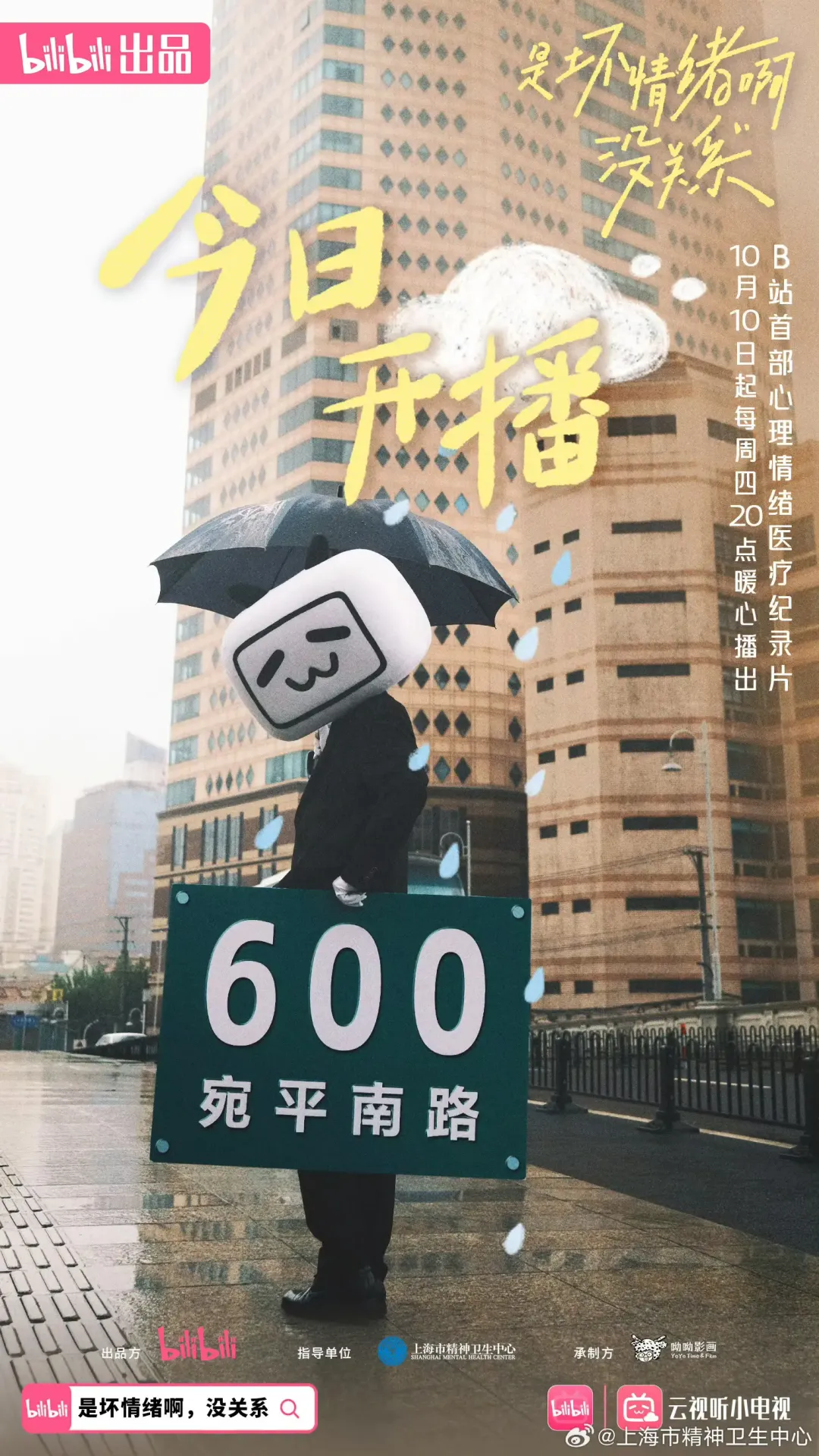 上周四恰逢10月10日的世界精神卫生日,上海精神卫生中心与B站联合制作了首部聚焦于心理健康的纪录片《是坏情绪啊,没关系》。
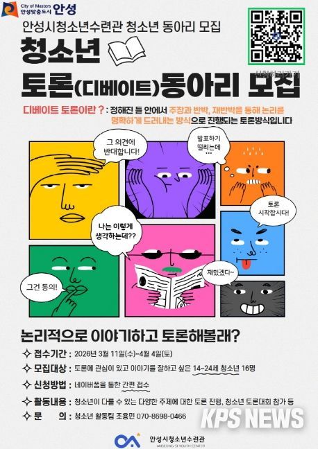 KPSNEWS 김채경 기자 | 안성시청소년수련관은 청소년들의 논리적 사고력 증진과 올바른 의사소통 문화 정착을 위해 ‘청소년 토론(디베이트) 동아리’ 참가자를 모집한다고 밝혔다.
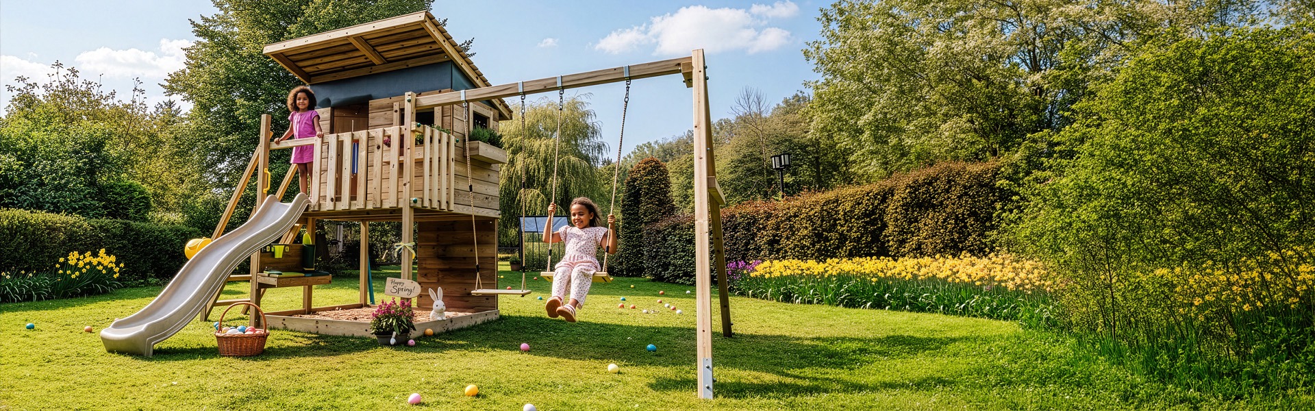 Our mission revolves around the significance of outdoor play, where children can be inspired by the wonders of nature, regardless of the weather or season. With our play equipment, we want to encourage free-spirited and carefree fun, providing children with the means to be active, interact with friends, and unleash their creativity and imagination.
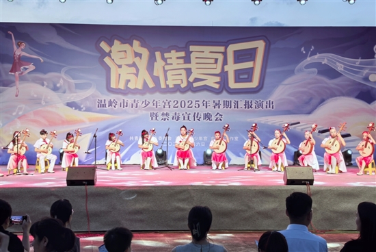 本报讯(记者叶琳 通讯员张隆文/图)近日,由共青团温岭市委员会主办、市青少年宫承办、俞明德工作室联合举办的“激情夏日”2025年暑期汇报演出暨禁毒宣传晚会,在市九龙湖城市驿站上演。全市数百名青少年与家长齐聚一堂,在艺术盛宴与互动体验中,收获了一堂生动的禁毒教育课。
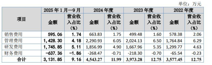 公司期间费用主要由销售费用、管理费用、研发费用和财务费用构成。报告期内,公司的期间费用分别为3,577.45万元、3,973.28万元、4,543.27万元和3,131.85万元,占同期营业收入的比重分别为12.75%、12.75%、11.99%和9.16%。
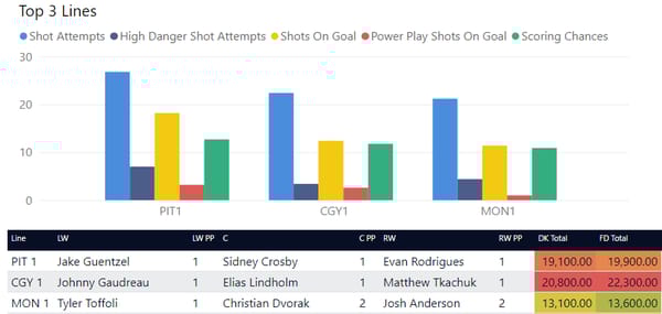 Line stacking is a common strategy in GPP. You’ll see a lot of winning lineups where players are stacked from the same forward lines or power play lines. DraftKings allows a maximum of 6 skaters from the same team (with skaters from at least 3 teams) and FanDuel allows a maximum of 4 skaters from one team. In tournaments, you'll often see 3-3 stacks (meaning 3 players from one team and 3 from another team), 4-3, and 3-3-2 stacks.
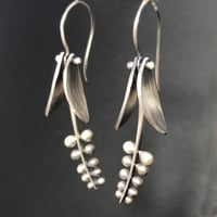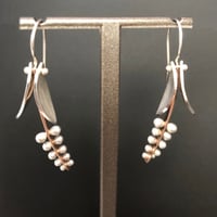 Pendant is fabricated from pierced wire threaded and defined by melted beads. Leaves are hammer textured out of sheet and dangle independently from stem. Sweet and simple! Strung on a 17" sterling chain. Pendant is 1" long by 1/2" wide. Shown in a rose gold filled with sterling finish. Pendant and earrings are sold separately.
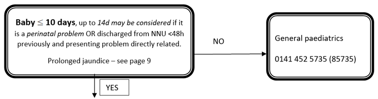 Referral for consideration of readmission, or acute review, to GGC Neonatal Services is only appropriate for neonates <10d of age, with a few exceptions as detailed below.   Babies that may be suitable for PNW or TC level care should be discussed with the neonatal team. Babies that may be unwell and not suitable for PNW/TC level care may be redirected to general paediatrics for discussion depending upon the clinical situation. Where there is concern about an infective cause for presentation, referral to neonatal services is not appropriate.
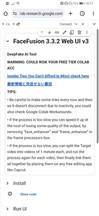 指定のColabリンクを開き、「Install」を実行。 フェイスフュージョン
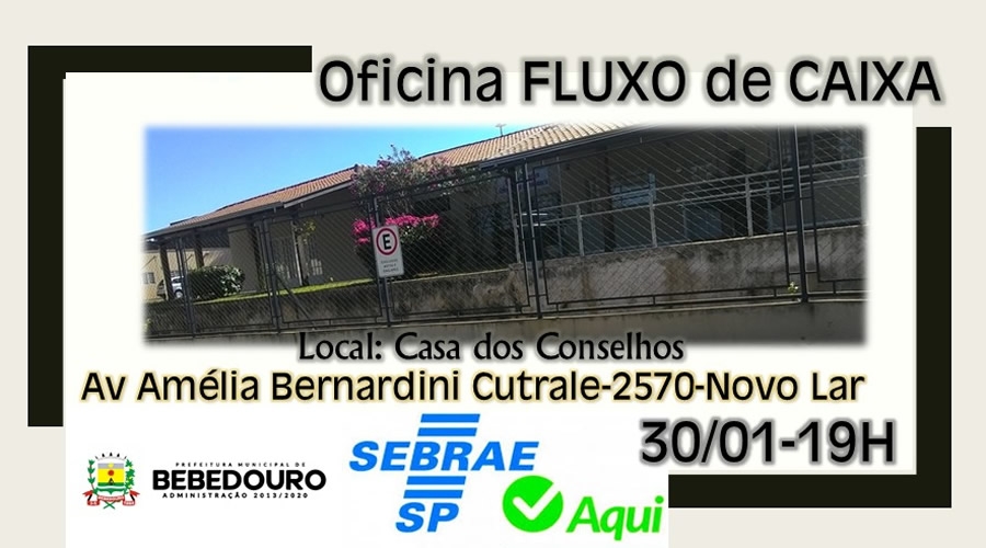 O SEBRAE Aqui Bebedouro realizará na quarta-feira (30/01), a Oficina Fluxo de Caixa. A oficina é gratuita com inicio às 19h, na sede da Casa dos Conselhos, localizado na Avenida Amélia Bernadina Cutrale (no Anel Viário).
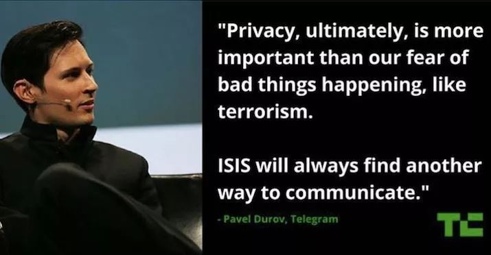在 2015 年 TechCrunch Disrupt 旧金山大会的舞台上,杜罗夫承认了 ISIS 正在使用 Telegram,并跟主持人进行了以下的对话:
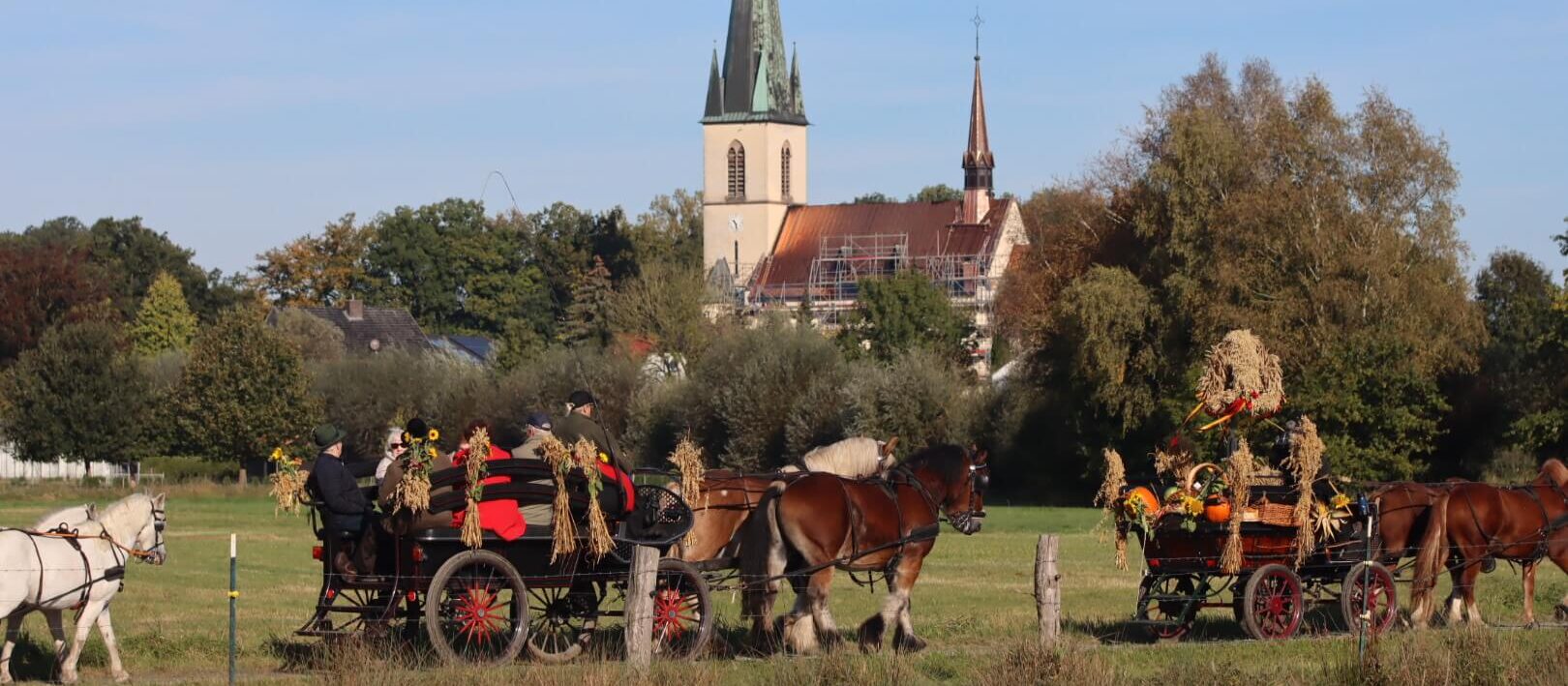 Viele waren gekommen: Zahlreiche Messdiener, zu Fuß und zu Pferde, Fahnenabordnungen der Schützenbruderschaften St. Christophorus Ostinghausen und St. Antonius Bettinghausen, sowie der Kolpingsfamilie der Pfarrei Heilige Familie. Hinzu kamen Musikerinnen und Musiker, die sich eigens für dieses Erntedankfest formiert hatten, die Familien der KiTa-Kinder, zahlreiche Reiterinnen und Reiter unter der Begleitung des Teams der Five-Star-Ranch, sowie fünf Gespanne, die neben Prozessionsteilnehmern auch die festlich geschmückte Erntekrone mitführten.
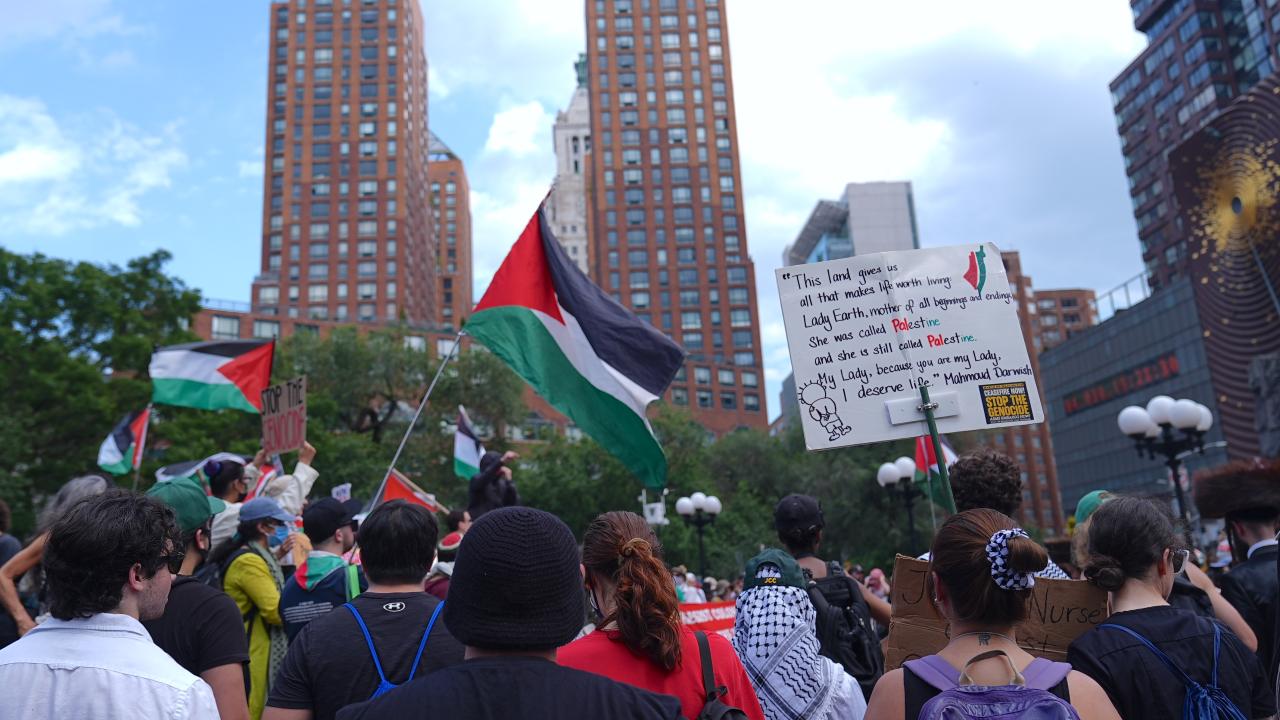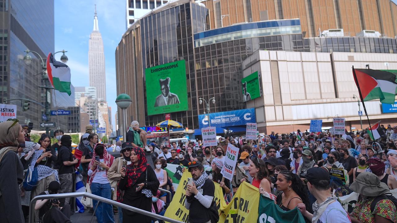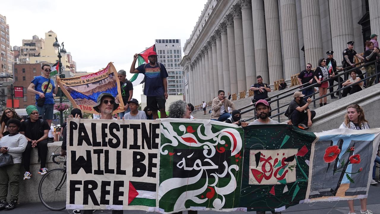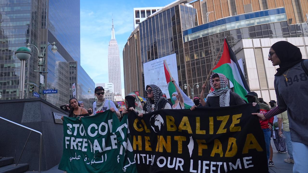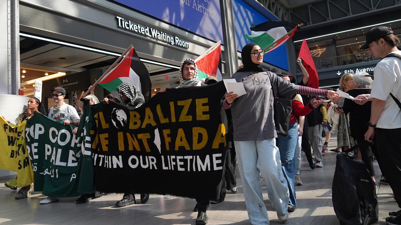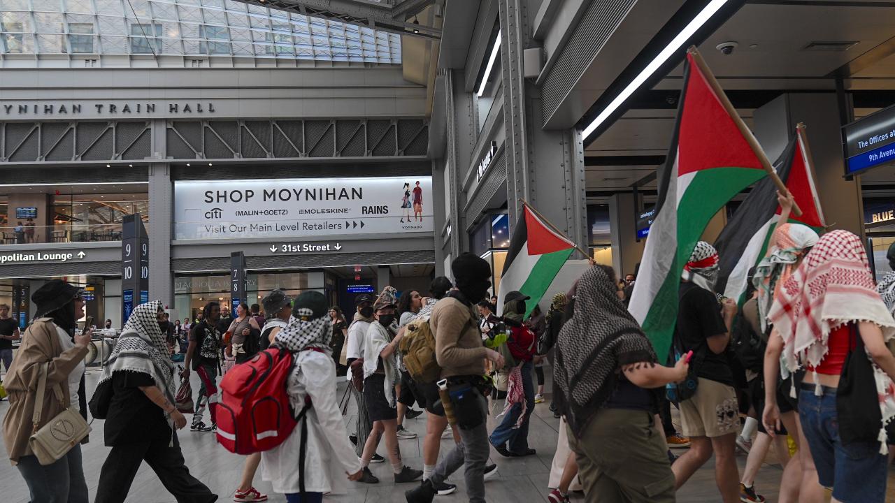 ABD'nin New York kentinde Filistin destekçileri, İsrail'in Gazze ve İran'a yönelik saldırılarını ve Trump yönetiminin savaşa müdahil olmasını protesto etmek amacıyla Union Meydanı'nda bir araya gelerek Manhattan'daki büyük tren istasyonu Moynihan Tren Salonu'na yürüdü. Polis ekipleri güvenlik önlemleri aldı.

- [TASK DETAILS]: Within the data above, repeat exactly the lines from the one bearing "本报讯(记者叶琳 通讯员张隆" through the one bearing "公司期间费用主要由销售费用、". Include no pictures and nothing else.

- [SOLUTION BELOW]:
 本报讯(记者叶琳 通讯员张隆文/图)近日,由共青团温岭市委员会主办、市青少年宫承办、俞明德工作室联合举办的“激情夏日”2025年暑期汇报演出暨禁毒宣传晚会,在市九龙湖城市驿站上演。全市数百名青少年与家长齐聚一堂,在艺术盛宴与互动体验中,收获了一堂生动的禁毒教育课。
 公司期间费用主要由销售费用、管理费用、研发费用和财务费用构成。报告期内,公司的期间费用分别为3,577.45万元、3,973.28万元、4,543.27万元和3,131.85万元,占同期营业收入的比重分别为12.75%、12.75%、11.99%和9.16%。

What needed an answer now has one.